Dziwnie tam jest. Pięknie, ale dziwnie, jakby nie na Ziemi. Księżycowo. Filmowo. Zaraz za mostem można skręcić w lewo i zjechać do ruin małej fortecy na nadbrzeżu. Parking i oglądanie bezpł.
Z fortecy pojechaliśmy do Pagu - miasteczka. Stanęłam na płatnym parkingu (parkomat) na brzegu. Obejrzeliśmy mały, niby wenecki mostek Katine, z którego bardzo się tam cieszą i się nim chwalą, jakby nie wiem co. Chciałam posiedzieć w knajpce, wybraliśmy Caffetterię, bo miała fotele - gniazdka. Poprosiłam o menu, a kelnerka rzekła, że nie mają. Na stoliku jest kod QR, mam zeskanować, wejść na stronę i tam. Serio? Przesiedliśmy się do Jadran, gdzie menu jeszcze dają. Żeby nie było nudno, trochę tam wlazłam w parasol, ale wszyscy żyją.
Potem snuliśmy się po
starówce. Biedna taka, sklepikarze stęsknieni turystów, pusto. Z wieżą Skrivanat
dali sobie spokój, teren zamknięty na kłódkę i porosły trawą, w kościele św.
Marii kościelnie. Ten delikatny chłód grubych murów po upale na zewnątrz. Jak
jedwab.
Podjechaliśmy do Starego
Zamku (taką ma nazwę własną, Stari Grad Pag). Parking i zwiedzanie ruin bezpł.
Jest zacieniony teren piknikowy ze stołami. Przełażąc przez antyowcze płotki można
podejść pod górę, ale wejście na punkt widokowy z resztką zamkowych umocnień jest
mocno ogrodzone. Może owce tam spadały w przepaść. Przy ruinach jest kran z
wodą, nie ma knajpy etc. Zamkowy kościół zamknięty na klucz.
Resztę popołudnia spędziliśmy
na plaży Veli Bok. Przy drodze jest bezpł. parking pośrodku niczego i schodzi
się w dół zakosami. Zero ludzi, zero infrastruktury, w zasadzie pustynia.
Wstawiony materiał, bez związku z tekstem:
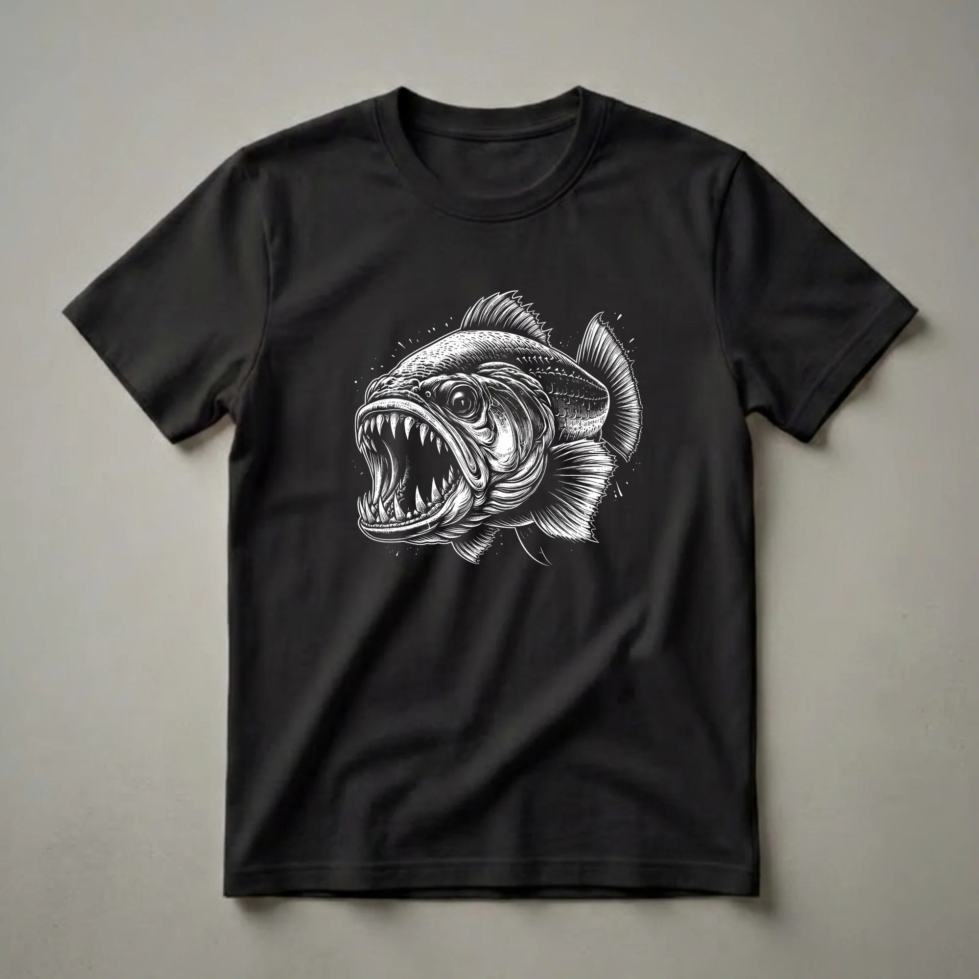 Anglers and freshwater fish enthusiasts who appreciate bold, detailed illustration will reach for this graphic tee. The design features a large, close-up portrait of a piranha with its jaw fully open, revealing multiple rows of sharp, triangular teeth. The artwork is rendered in a detailed engraving style using black and white, with meticulous linework across the fish's body that captures the texture of its scales, the raised dorsal fin, and the menacing set of its jaw. The composition fills the shirt with impact, the piranha's wide eye and gaping mouth creating an immediately striking image against the black background. Piranhas are freshwater fish of the order Characiformes, native to the rivers and floodplain lakes of South America, with the greatest diversity found in the Amazon Basin. The red-bellied piranha (Pygocentrus nattereri) is the most well-known species, reaching up to 12 inches and known for its powerful bite force relative to its body size, among the highest of any fish. Despite their fearsome reputation, piranhas are primarily scavengers and opportunistic feeders that play an important ecological role in their native river systems. Fishing for piranhas is a popular activity in the Amazon region, and piranha teeth have been used by indigenous peoples as cutting tools and weapons for centuries. This shirt is a thoughtful gift for the fisherman in your life, a South American wildlife enthusiast, or anyone captivated by the raw biology of freshwater predators. Wear this tee on a fishing trip, to a casual outing, or any time you want to display your respect for one of the river's most formidable inhabitants.

Pierwotny
plan zakładał zaparkowanie i spacer do końca cypla, albo coś, ale morze wyglądało
tak cudnie, że machnęłam ręką. Zbierałam muszelki, wiał wiatr, samotny rybak w
łódce mocował się z siecią, młody budował miasto, którego strzegł ceramiczny miniżółw
kupiony w Pagu.
Ponieważ na Pagu nie ma w sumie nic, gospodarze postawili na owce. Żywią się one szałwią, tymiankiem i rozmarynem, bo niemal tylko to tam rośnie. Zioła są charakterystycznie słone z racji dużej ilości morskiej soli niesionej z wiatrem. W efekcie paski sir stał się dobrem regionalnym Dalmacji i wpisano go na listę UNESCO razem z paskimi koronkami. W Pagu wszędzie czekali na dostawę jutro, ale gdy wracaliśmy kupiliśmy go u przydrożnej babci. Brudne, długie paznokcie, waga pod ladą, żeby nie było widać, ile wskazuje, klimatycznie. Acz najbardziej rozbawiło nas, że pani miała w ofercie także smakową oliwę Kujawski. Etno ponad granicami ;-)
Ser pyszny.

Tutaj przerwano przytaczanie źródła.